Published in CSP Daily News By-Samantha Oller, Senior Editor/Special Projects Coordinator
KANSAS CITY, Kan. — As a Kansas federal judge prepares to evaluate proposed settlements from long-running litigation involving “hot fuel” this summer, many of the industry’s largest fuel retailers— QuikTrip, Circle K, Kum & Go, Sheetz, Wawa and 7-Eleven, among them—have filed an objection over the terms.
In a class-action lawsuit dating back seven years, plaintiffs had charged that more than two dozen fuel retailers were shortchanging customers who purchased “hot fuel”—referring to the fact that the volume of gasoline rises along with its temperature. Consumers were, in effect, paying a full gallon price for less than a gallon of fuel, plaintiffs alleged, because these retailers did not have automatic-temperature-compensation (ATC) devices installed at the pump that would adjust the price based on the fuel volume and did not alert consumers to the fuel’s temperature.
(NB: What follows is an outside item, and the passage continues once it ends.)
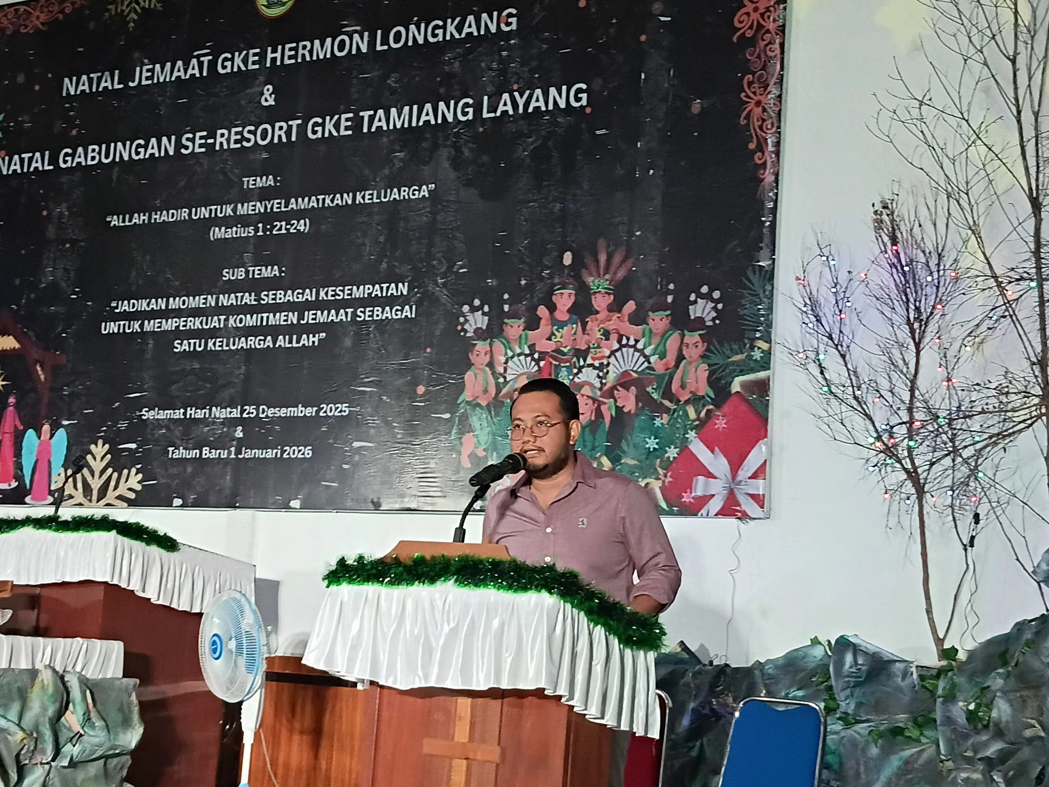 TAMIANG LAYANG – Wakil Bupati Barito Timur, Adi Mula Nakalelu, mengajak seluruh jemaat Gereja Kalimantan Evangelis (GKE) untuk menjadikan perayaan Natal sebagai momentum memperkuat persaudaraan, kebersamaan, serta kerukunan dalam kehidupan bermasyarakat.Ajakan tersebut disampaikannya saat menghadiri Ibadah dan Perayaan Natal Jemaat GKE Hermon Longkang sekaligus se-Resort GKE Tamiang Layang Tahun 2025, yang digelar pada Sabtu (20/12/2025).Dalam sambutannya, Wakil Bupati menyampaikan bahwa Natal bukan sekadar perayaan rutin tahunan, melainkan momen penting bagi umat Kristiani untuk memaknai kelahiran Yesus Kristus sebagai wujud kasih dan keselamatan bagi umat manusia.

More than two dozen fuel retailers, ranging from major oils to retail chains such as Casey’s General Stores, Sam’s Club and Valero, had settled on the case, although they denied any wrong-doing. Three different settlement groups emerged. Six of the companies, including the major oil companies, agreed to settlements that would put $22.925 million into a fund to reimburse retailers for installing ATC equipment. Four of the defendants, including Casey’s and Valero, agreed to settlements to install ATC pumps at their branded sites over time. And the remaining 18 defendants—including CITGO and Thorntons—agreed to pay into a fund totaling $1.577 million that would help state weights and measures agencies ensure ATC upgrades were done lawfully.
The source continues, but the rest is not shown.